An object of the invention is to fulfill the need referred to above. In accordance with the principles of the present invention, this objective is achieved by providing an integrated canister purge valve for a turbocharged vehicle engine. The valve includes a valve member having a housing and is constructed and arranged to control vapor purge flow from a fuel tank and canister structure to an air intake manifold. A body is coupled to the housing. The body defines an interior space. Structure separates the interior space into a first chamber and a second chamber. The first chamber has an inlet port and an outlet port. A vacuum generator is provided in the first chamber and is in fluid communication with the inlet and outlet ports. The vacuum generator is constructed and arranged to receive air from a turbocharger outlet, via the inlet port, to create a first vacuum when the air passes through the vacuum generator, and to direct air to an inlet of the turbocharger, via the outlet port, to define a scavenging air flow loop. A first check valve is provided in the first chamber between the vacuum generator and the valve member, and a second check valve is provided in the second chamber between the valve member and an manifold outlet port. The manifold outlet port is constructed and arranged to be coupled to an intake manifold. The first and second check valves are constructed and arranged such that 1) when the turbocharger is operating and the intake manifold is under positive pressure, the second check valve closes, while the first check valve opens upon the vacuum generator generating the first vacuum, to permit the purge flow to be drawn into the scavenging air flow loop and 2) in a naturally aspirated condition, manifold vacuum closes the first check valve and opens the second check valve to divert all of the purge flow through the manifold outlet port and to the intake manifold.
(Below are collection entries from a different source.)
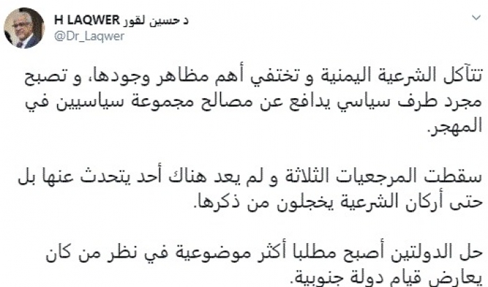 وكتب في تغريدة عبر "تويتر" رصدها "المشهد العربي": "تتآكل الشرعية اليمنية وتختفي أهم مظاهر وجودها، وتصبح مجرد طرف سياسي يدافع عن مصالح مجموعة سياسيين في المهجر".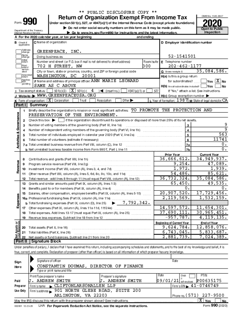 ** PUBLIC DISCLOSURE COPY ** Form990Return of Organization Exempt From Income Tax OMB No. 15450047| Do not enter social security numbers on this form as it may be made public. Open to Public Inspection2020Under
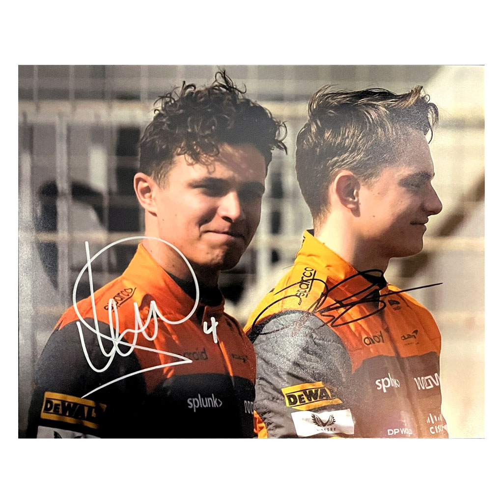 • Oscar Piastri “81” & Lando Norris “4” McLaren Team Shirts with an 8×10 image dual signed by Oscar Piastri & Lando Norris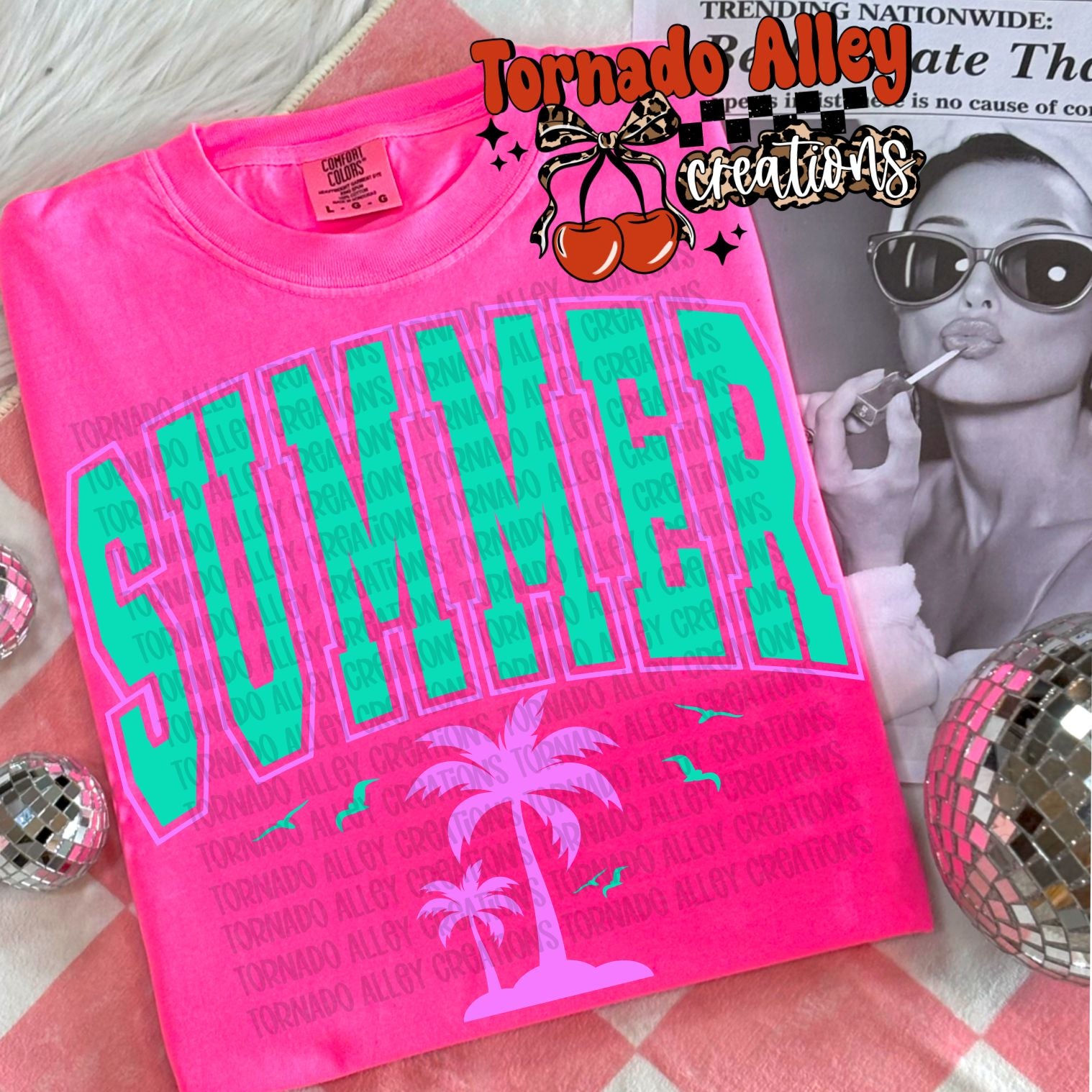 Neon Pink Cotton Comfort Colors Tee with DTF transfer.

In accordance with yet another aspect of the invention, a method of controlling vapor purge flow in turbocharged vehicle provides a canister purge valve having a valve member constructed and arranged to control vapor purge flow from a fuel tank and canister structure to an air intake manifold. The purge valve has an integral vacuum generator and first and second check valves that are integral with the canister purge valve. The first check valve is disposed between the vacuum generator and the valve member and the second check valve is disposed between the valve member and a manifold outlet port, the manifold outlet port being coupled to the intake manifold. The method defines a scavenging air flow loop from a turbocharger outlet through the vacuum generator and to an inlet of the turbocharger, with the vacuum generator generating a first vacuum due to the air flow there-trough, When the turbocharger is operating and the intake manifold is under positive pressure, the method ensures that the second check valve closes, while the first check valve opens upon the vacuum generator generating the first vacuum, to permit vapor purge flow to be drawn through the valve member into the scavenging air flow loop. During a naturally aspirated condition, the method ensures that vacuum created by the intake manifold closes the first check valve and opens the second check valve to divert all of the purge flow through the manifold outlet port and to the intake manifold.
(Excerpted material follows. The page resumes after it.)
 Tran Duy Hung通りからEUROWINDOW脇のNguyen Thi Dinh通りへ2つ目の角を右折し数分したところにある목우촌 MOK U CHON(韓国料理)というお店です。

Other objects, features and characteristics of the present invention, as well as the methods of operation and the functions of the related elements of the structure, the combination of parts and economics of manufacture will become more apparent upon consideration of the following detailed description and appended claims with reference to the accompanying drawings, all of which form a part of this specification.

The invention will be better understood from the following detailed description of the preferred embodiments thereof, taken in conjunction with the accompanying drawings wherein like numbers indicate like parts, in which:

FIG. 1 is a view of an integrated canister purge valve, shown partially in section, in a canister purge system of a turbocharged vehicle engine, in accordance with an embodiment.

FIG. 2 is a side view of the canister purge valve of FIG. 1.

FIG. 3 is a side view of a check valve in accordance with an embodiment.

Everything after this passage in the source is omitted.